13 Ekim 2015 Salı

Tanrılar Okulu (The School For Gods)


Hey, Çok heyecanlıyım!

Okuduğum bölümden dolayı hep kitaplarla iç içeyim. Fakat çoğu kendi seçimlerim dışında okumam “gereken”, akademik dili ağır basan eserler. Zaten onlar olmasa dahi heyecanla satın aldığım bir kitap olmadı bir süredir.

Her neyse…
Geçtiğimiz hafta buhranlı dönemlerimden birini yaşıyordum ‘yine’. Kendimi oyalamak ve peşimi bırakmayan yalnızlığımdan biraz olsun sıyrılabilmek adına kendimi kitapçılar sokağına attım. Artık yerlerini bile ezberlediğim, bir çok kez karşılaştığım kitapları tekrar tekrar inceliyordum. Çok uzun zaman olmuştu kitap rafları arasında veya sahaflarda aylak aylak dolanırken beni gerçekten heyecanlandıran bir kitapla karşılaşalı.  Birkaç kitap seçtikten sonra kasaya doğru ilerledim;  ismiyle de, kapağıyla da beni çok heyecanlandıran bir kitap resmen bana bakıyordu;  “TANRILAR OKULU”

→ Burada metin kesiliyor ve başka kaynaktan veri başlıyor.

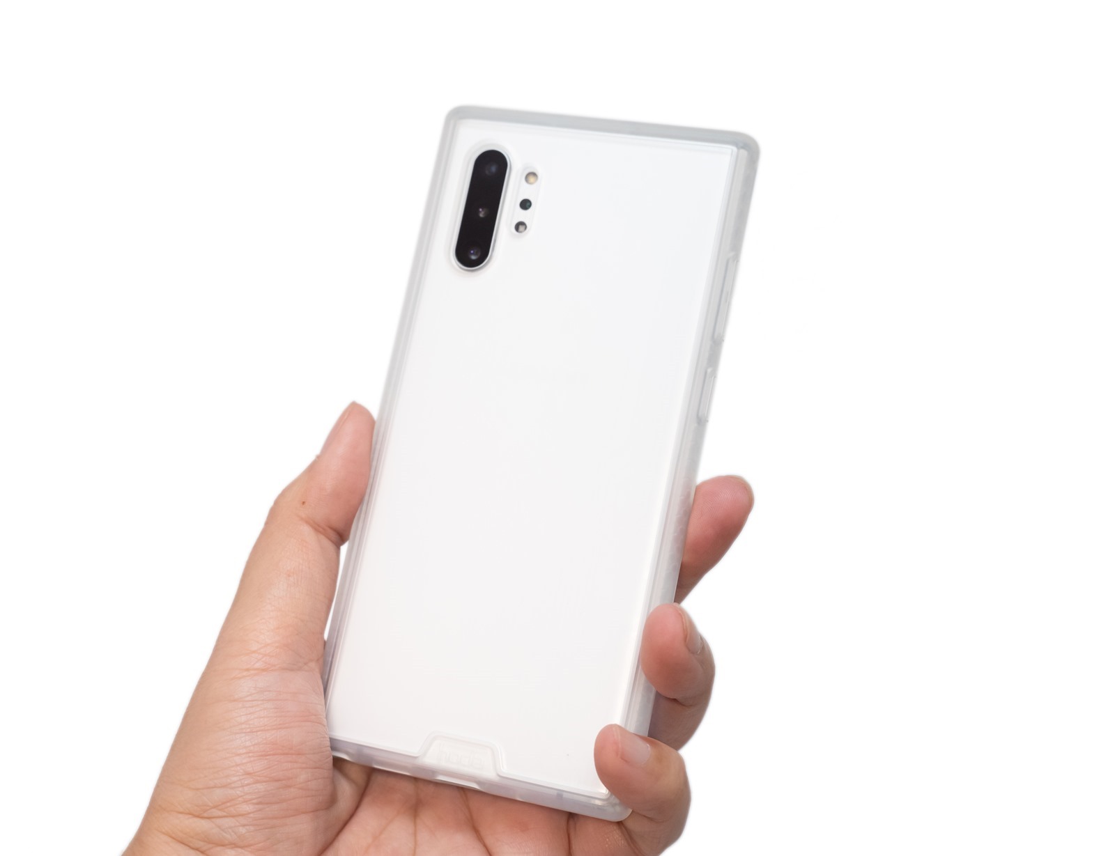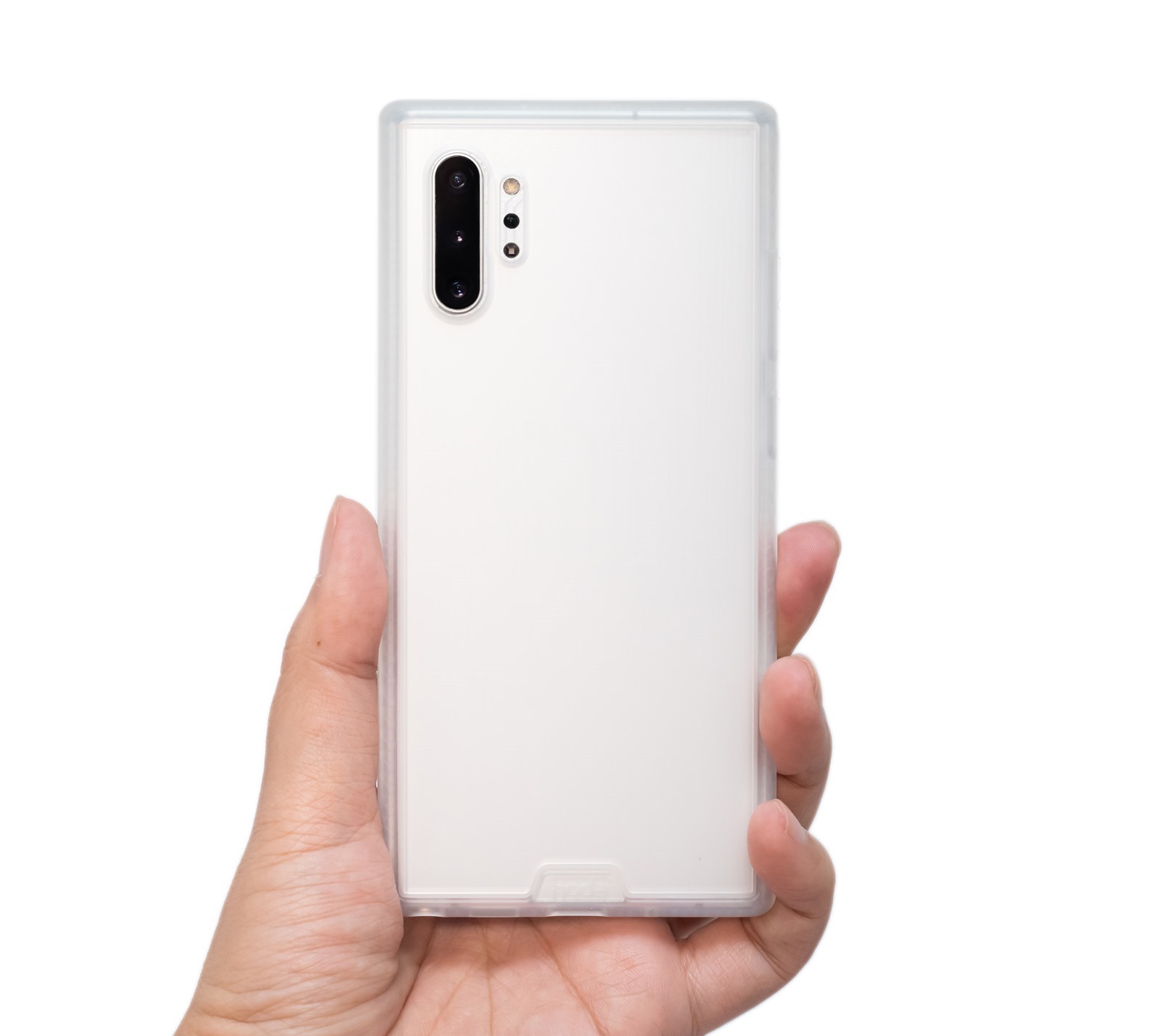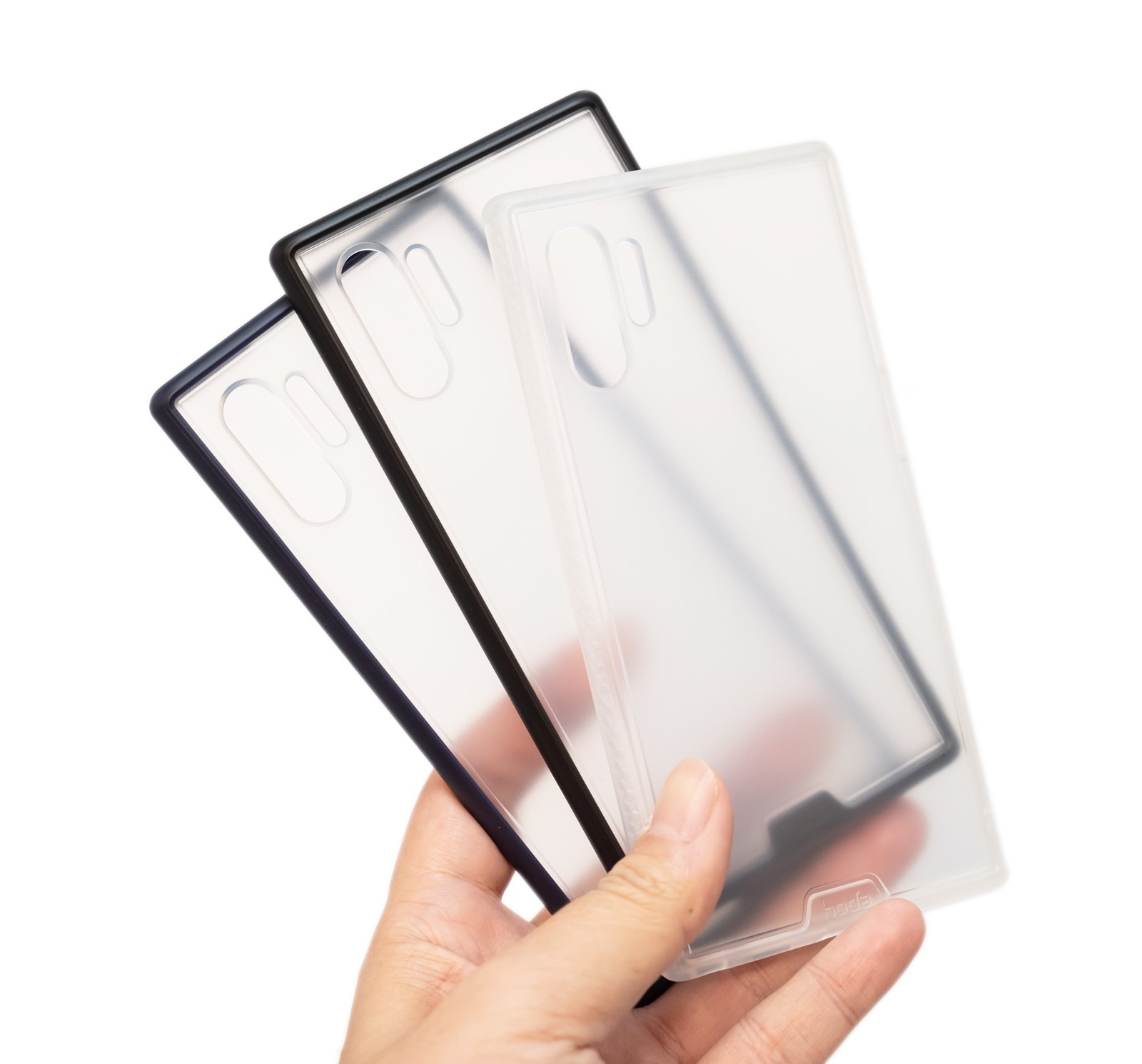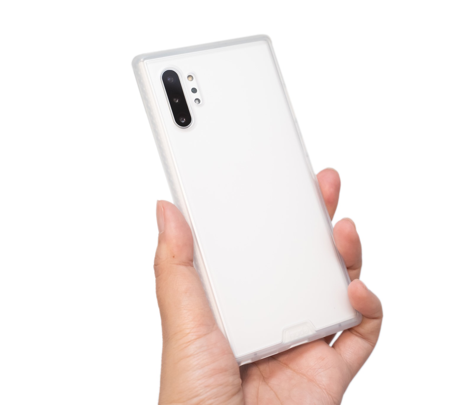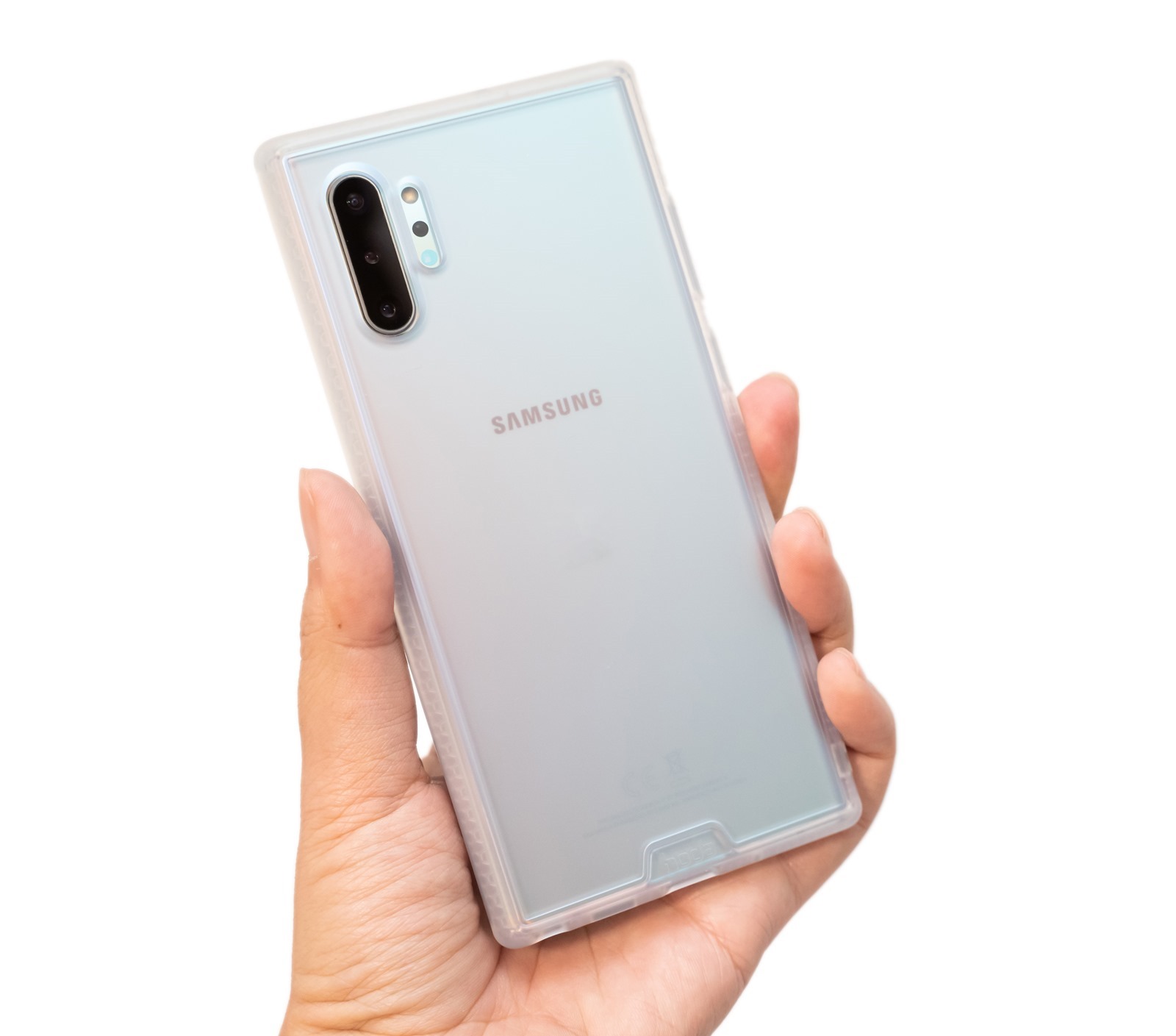 霧透的背蓋設計也可以略為透出手機原本機身的顏色與設計,例如這是 Note10/10+ 銀色機實際裝上的樣子,炫彩的顏色就會隱約顯露出來!保護殼上的 PC 膚感塗佈,滑順抗指紋,使用不留痕跡,摸起來手感又好讓人愛不釋手。

Bir süre önce gözüme çarpan, incelemeye vakit bulamadığım bir kitaptı aslında. Sonrasında ismini hatırlayamadığım için bulamamıştım. Karşıma da çıkmamıştı üzücü bir şekilde.

Kitabı gördüğüm an melankolik ruh halimden az olsun uzaklaştım. Kitabı elime aldım ve tanıtım bültenini okumaya başladım. Beni karşılayan cümleyi gördüğüm an, kitabı almak için ikna olmuştum zaten;

“Hayat; tıpkı bana yaptığı gibi, sizi de, bir mengenede soluğunuz kesilinceye kadar sıktığında, sizi içinden çıkamayacağınız hayal kırıklıklarına uğrattığında ve hiç bir çıkış yolu bulamadığınızda... işte ancak o zaman bu Kitap, biranda elinize geçecek ve sizi bulacaktır.

İsmiyle, tasarımıyla ve tanıtım bülteniyle belki de tam bir pazarlama harikasıydı, bilemiyorum. Yine de beni heyecanlandırmaya yetti veya bu zor dönemi atlatmak adına en ufak şeyden etkilenmek için hazırda bekliyordum :)

Kişisel gelişim okumayı çok severim. Tabi “10 Adımda cartcurt” tarzı kitaplar değil kişisel gelişimden kastım. Felsefi bir derinliği olan veya inanç sistemlerinin temelinde yatan öğretilerle beslenmiş kişisel gelişimlerden bahsediyorum. Gördüğüm kadarıyla “Tanrılar Okulu“ da tam istediğim gibi felsefi öğretilerden yola çıkan, sorgulayıcı tarzda bir kişisel gelişimdi.

Kitabı en yakın zamanda okumaya başlayacağım. “Tanrılar Okulu”ndaki eğitimim sona erdiğinde de ilk işim yeni öğrendiklerimi sizlerle paylaşmak olacak. Umarım hayal kırıklığına uğramam, uğratmam  :)

Yazımı kitabın yazarı Stefano E. D´Anna  ‘dan bir alıntıyla tamamlamak istiyorum;

 “Özgürlük yolunda atılması gereken ilk ve en zor adım, bu korkunun kişinin tüm yaşamına despotça egemen olduğunu kavramaktır.